2013-11-03

steepholm: (Default)
2013-11-03 10:10 pm
Entry tags:

Post Haste

Apologies for not posting much recently - I've been o'erbusy with various stuffs of worky hue. Anyway, I'm now just back from visiting my mother, where I managed to coincide (which is a rarity) with my brother. I was glad to see him, not least because I had a plot to hatch.
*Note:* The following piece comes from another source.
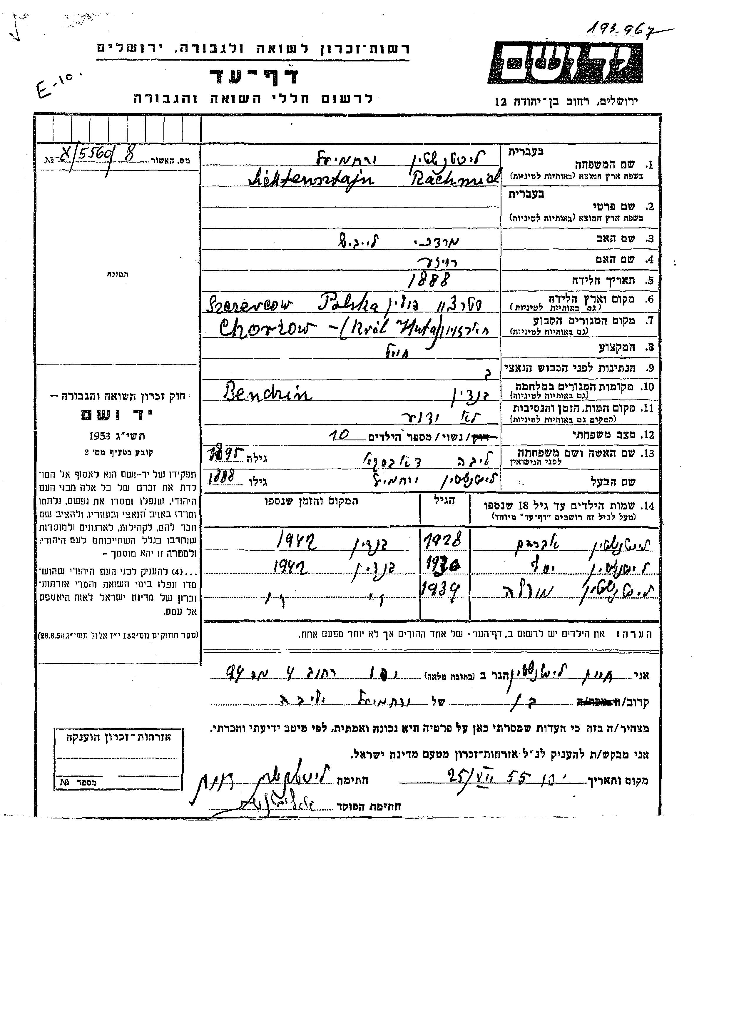 Rachmiel Lichtensztain was born in Szczercow, Poland, 1888 to Mordekhai Leibish and Roze. He was a tailor and married to Liba nee Dubski. Prior to WWII he lived in Chorzów, Poland. During the war he was in Bendzin, Poland. Rachmiel was murdered in the Shoah.

A few years ago, when my mother's sister turned 90, her children made a wonderful (and hilarious) DVD about her life. My mother won't hit the big 9-0 until next October, but I don't think it would be tempting fate too far to start planning now how to mark it - especially as I have an idea that will match my brother's vast musical gifts with my own trifling knack for words. In short, I think there's room in this wide world for a pop video to the tune of Culture Club's "Karma Chameleon" with the chorus "Hey Nonny Nonny Nonny Nonagenarian" - featuring her friends, a mouth organ and a consort of viols. Can you tell me I'm wrong?

In lieu of anything more substantial of my own, here via [personal profile] lnhammer is a wonderful reading of DSM V as a dystopian novel. Sample passage:

If there is a normality here, it’s a state of near-catatonia. DSM-5 seems to have no definition of happiness other than the absence of suffering. The normal individual in this book is tranquilized and bovine-eyed, mutely accepting everything in a sometimes painful world without ever feeling much in the way of anything about it. The vast absurd excesses of passion that form the raw matter of art, literature, love, and humanity are too distressing; it’s easier to stop being human altogether, to simply plod on as a heaped collection of diagnoses with a body vaguely attached.


The DSM has always struck me as being at least as much about social engineering and insurance as about medicine, and I've often toyed with writing a post explaining my various gripes with it. I no longer think I need to bother.